Abstract 16941: Differentially Secreted MicroRNAs of Bone Marrow-Derived Mononuclear Cells Might Influence Cardiovascular Repair After Acute Ischemia
Initial trials as well as meta-analyses suggest that bone marrow-derived mononuclear cells (BMC) augment neovascularization after ischemia. Due to the low engraftment of BMC into the heart, paracrine factors are thought to be responsible for the improvement after cell therapy after acute ischemia. Recent studies demonstrated that cells release microRNA (miR) that can be taken up and regulate target gene expression in other cells. The aim of our study was to determine the secretion of miRs by BMC used to activate cardiovascular repair. BMC were isolated from bone marrow aspirates obtained from patients with CAD (CAD-BMC, n=7) or healthy volunteers (HC-BMC, n=14). The five potentially angiogenesis-regulating miRs, miR-17, -29c, -92a, -126, and -150 were measured in BMC as well as in their secretome by qPCR. The cellular levels of miR-17, -29c, and -126 did not differ between BMC derived from HC versus CAD-patients. However, miR-92a and miR-150 were significantly reduced in CAD-BMC compared to HC-BMC (58±61% and 31±32% of HC-BMC, p<0.05 respectively). MiRs-17, -29c, -126 and -150 were also detected at similar levels in the secretome (whole supernatant (SN) as well as microvesicles (MV) isolated by ultra-centrifugation) of HC-BMC and CAD-BMC. However, CAD-BMC secreted significant higher levels of miR-92a compared to HC-BMC (235±195% of HC-BMC, p<0.05).
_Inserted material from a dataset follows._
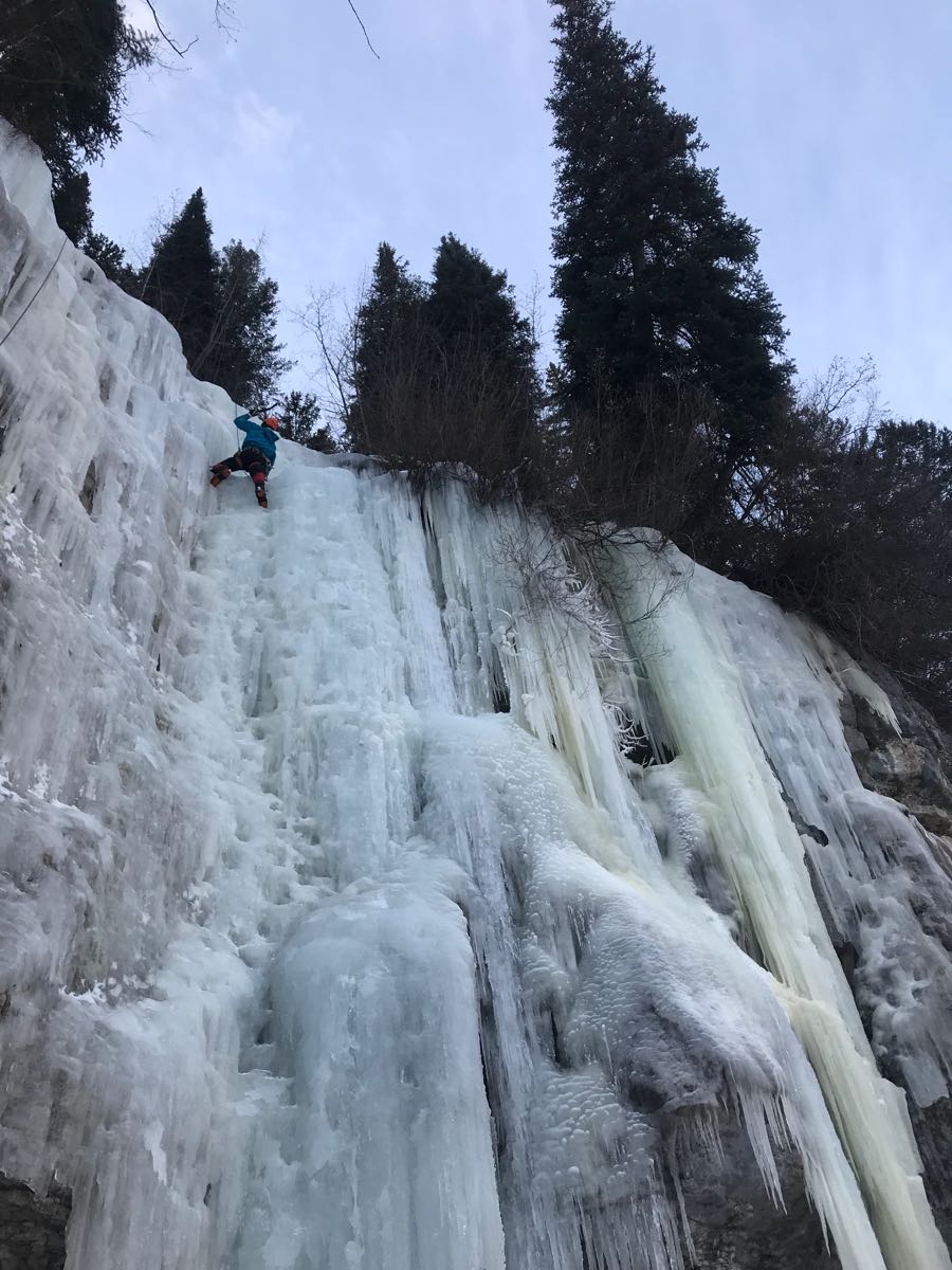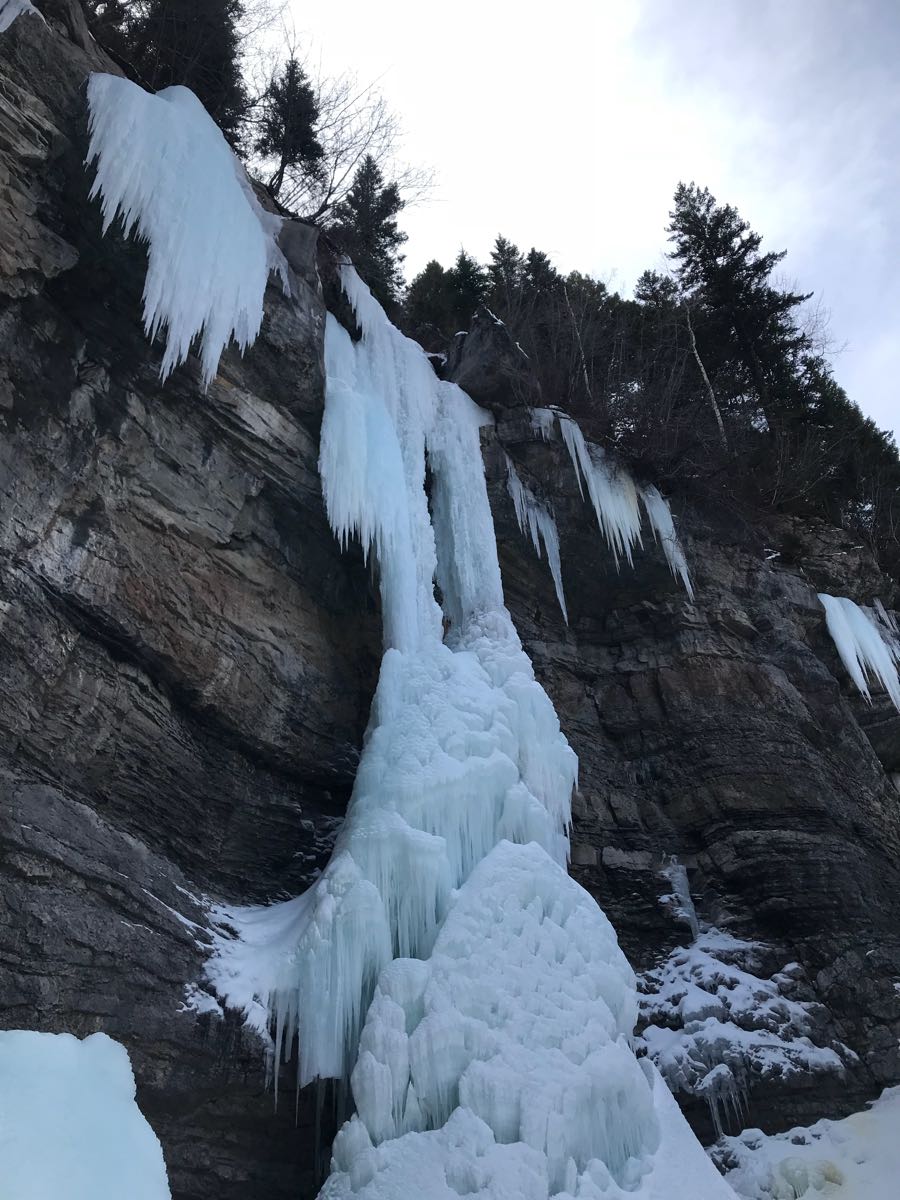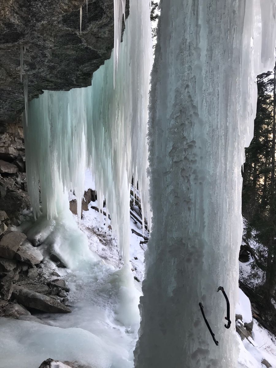 Went for a fitness morning at Vail to check out conditions. -5c when we parked at 7am and 5 when we left at 12. Conditions are generally thin for this time of year. Most notably the Rigid Designator still has a large section that has not filled in yet and has not seen much traffic. The rest is trying. With our low snow year there is lots of exposed rock and ice above the climbs so rock and ice fall is a greater hazard then it usually is.

By calculating the copy number of miRs in the cells as well as in the supernatant, we detected an increase of approximately 500% in secretion of miR-92a by CAD-BMC. This study demonstrates that BMC secrete different angiogenes-regulating miRs. MiR-92a is efficiently secreted by CAD-BMC. The increased secretion of the anti-angiogenic miR-92a in patient-derived BMC might partly explain the lower regeneration potential of CAD-BMC compared to HC-BMC. Interferences with miR expression as well as potentially secretion might be promising tools to increase the therapeutic potential of BMC for cardiovascular repair.
- © 2012 by American Heart Association, Inc.